"Eu era obrigado a reconhecer minha impotência por causa do total controle que a nicotina tinha sobre mim". Ou: "Não posso ignorar as inúmeras vezes que falhei ao tentar parar, portanto eu devo ser impotente perante a nicotina". Ou ainda: "Só a idéia de parar fazia eu me encolher como uma aranha num forno quente, e então eu soube que isto era maior que eu". Para outros, a consciência desta idéia veio mais tarde - "naquele exato dia, após umas seis semanas de abstinência, em que eu seria capaz de matar por um cigarro". Para outros ainda havia uma espécie de meio termo: "Eu acho que sabia que era impotente, mas não me conscientizei disto até o dia em que fiquei terrivelmente doente e, ainda assim, não consegui parar".
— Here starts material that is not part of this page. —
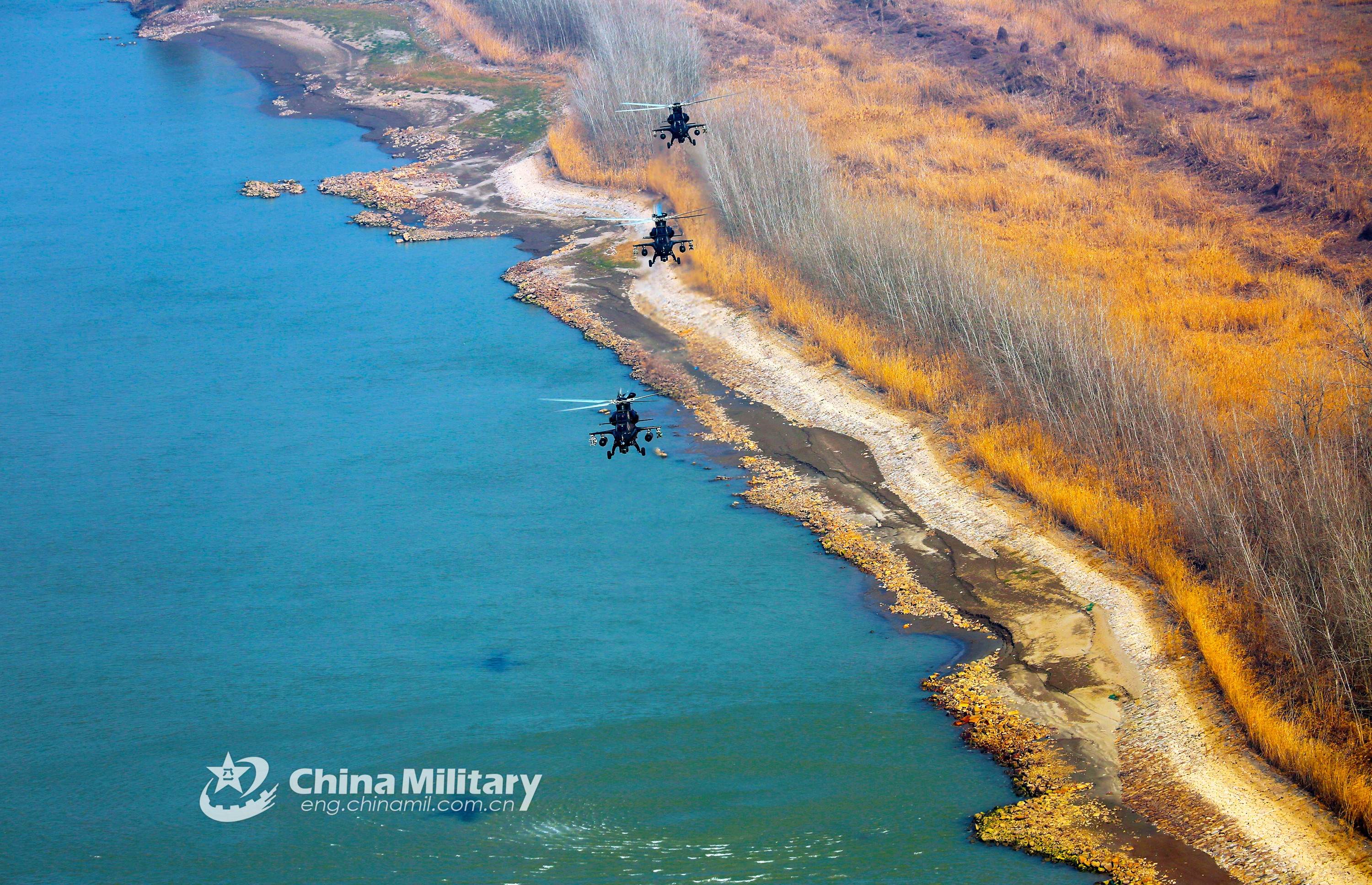 Attack helicopters attached to an army aviation brigade under the PLA 72nd Group Army fly over the river bank during a training exercise on February 17, 2022. (eng.chinamil.com.cn/Photo by Zhang Huanpeng)

Independente de quando e de como viemos a aceitar nossa impotência, neste momento tivemos que nos confrontar com a idéia de um Poder Superior - o "poder maior do que nós". Para alguns, particularmente para aqueles que tinham uma firme crença ou prática religiosa, ou que tinham experiência em algum outro Programa de Doze Passos, a idéia não era difícil, ou pelo menos o conceito de um Poder Superior não era algo totalmente estranho.
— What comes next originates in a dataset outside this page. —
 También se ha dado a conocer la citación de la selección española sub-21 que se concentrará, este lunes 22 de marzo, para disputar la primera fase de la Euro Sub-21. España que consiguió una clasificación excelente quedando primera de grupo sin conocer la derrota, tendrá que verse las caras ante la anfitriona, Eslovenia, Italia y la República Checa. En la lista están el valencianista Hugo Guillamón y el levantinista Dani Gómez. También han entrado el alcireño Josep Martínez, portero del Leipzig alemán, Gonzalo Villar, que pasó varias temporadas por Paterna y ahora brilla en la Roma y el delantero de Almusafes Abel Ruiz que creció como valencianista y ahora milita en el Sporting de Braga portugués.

Entretanto para outros a confrontação inicial com a idéia de um Poder Superior era apenas isto - uma confrontação. "Poder Superior? Vocês devem estar brincando!"; "Não me venham com suas tralhas religiosas: eu estou aqui para parar de fumar". Um dos milagres da programação é que o mesmo cético que de início pensou que esta idéia devia ser uma piada, agora diz: "Eu me ajoelho na maioria das manhãs orando ao meu Poder Superior". Outros céticos iniciais escrevem assim sobre seus pensamentos posteriores: "Paz de espírito e minha própria sanidade dependem de eu ser capaz de me render ao meu Poder Superior". "Meu Poder Superior é ‘aquilo’ que faz com que o desejo de nicotina desapareça, e que me protege de ter de ceder diante deste desejo".
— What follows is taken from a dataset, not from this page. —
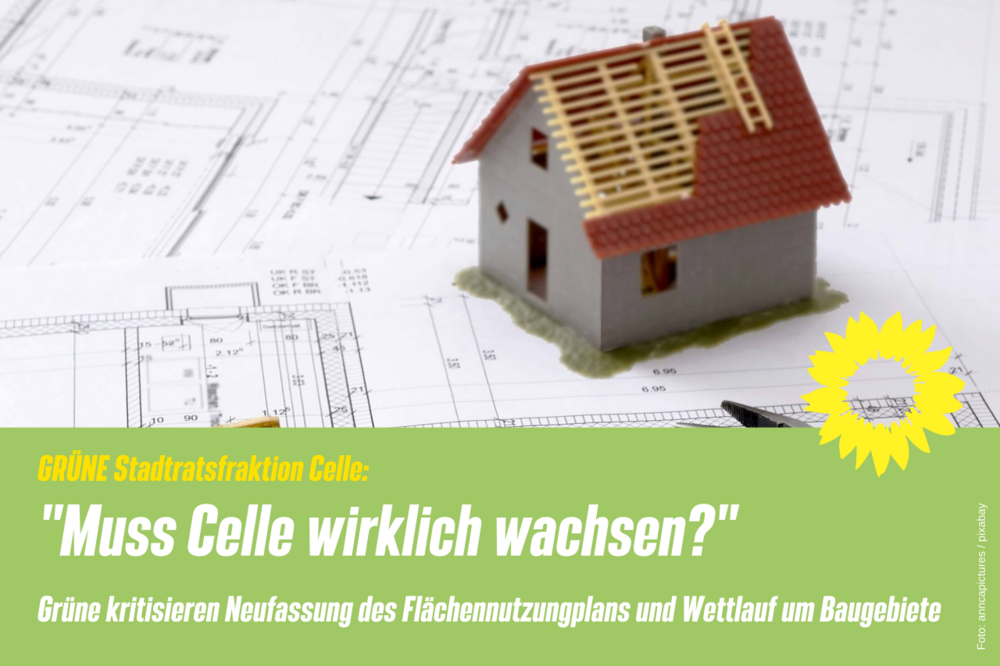 „Celle muss wachsen, wachsen, wachsen!“ Auf diese kurze Devise lässt sich bringen, was die Stadtverwaltung jetzt in einer öffentlichen Online-Veranstaltung zur Neufassung des Flächennutzungsplanes verkündete. Die grüne Stadtratsfraktion sieht diesen Ansatz kritisch. "Es kann doch nicht sein, dass alle Kommunen in einen für die Natur mörderischen Wettbewerb eintreten nach der Devise: Wer hat die meisten Baugebiete?“ so das grüne Bauausschuss-Mitglied Karin Abenhausen. „Das ist völlig rückwärts gewandte Politik aus dem letzten Jahrhundert.“

Para a maioria de nós, antes que pudéssemos admitir nossa impotência perante a nicotina, ou mesmo reconhecer o possível papel que um Poder Superior poderia ter em resgatar-nos de nossa insanidade, tivemos que "chegar ao fundo". Vários termos e expressões podem exprimir a idéia de "chegar ao fundo": Chegar ao ponto do desespero total; ou: ‘Parar de fumar ou morrer’. Ser despertado pelo "brutal estado emocional em que me encontrava". Ficar aturdido ao ponto de ousar "fazer qualquer coisa" para não usar nicotina. Estar tão desesperados, tão por baixo, tão perdidos, tão doentes, que nos agarramos com nossas mentes e tripas à idéia de que nada era mais importante do que não usarmos aquela próxima dose de nicotina. Ser capaz de viver o lema: "Não fume mesmo que seu traseiro caia!" Chegar ao fundo: definitivamente não é um lugar legal para se ficar! Para alguns de nós no entanto, é um lugar realmente baixo ao qual precisamos chegar antes que possamos considerar a idéia de "voltar para cima" e de Recuperação.
Conforme freqüentamos mais reuniões, descobrimos que nossos atitudes gradualmente mudaram. Apesar de sentir que certamente nunca nos livraríamos da adicção à nicotina, não estamos usando a droga. Aprendemos a entregar nossa vontade e nossas vidas a um poder maior do que nós mesmos. Aprendemos humildade e compaixão. Ganhamos mais auto-confiança e pela primeira vez começamos a entender o quanto é séria a adicção à nicotina - o quanto ela nos afeta espiritual e fisicamente. Experimentamos coragem e esperança. Encontramos lições de fé e tolerância nas reuniões e na vida diária. Sentimos que tínhamos que ser honestos tanto conosco quanto com os outros, para permanecermos livres da nicotina com sucesso.
A Oração da Serenidade nos lembra que não podemos modificar as vontades e os desejos de nicotina. Num sentido mais amplo, aprendemos a usar os conceitos da oração como ferramentas para lidar com as muitas coisas da vida diária sobre as quais não temos poder. Ao mesmo tempo, aprendemos que aquilo que podemos modificar somos nós mesmos, nossas atitudes, nossos pensamentos, o modo como agimos e reagimos, e que isto se aplica tanto à nossa adicção à nicotina quanto à vida em geral.
Um Poder Superior nos guia rumo a escolhas saudáveis se nos mantivermos abertos para ser guiados. Para muitos, particularmente no primeiro ano de recuperação, a principal preocupação é evitar a nicotina. No entanto, mais cedo ou mais tarde, a compulsão desaparece, e então os interesses podem convergir para desenvolver um programa espiritual perene.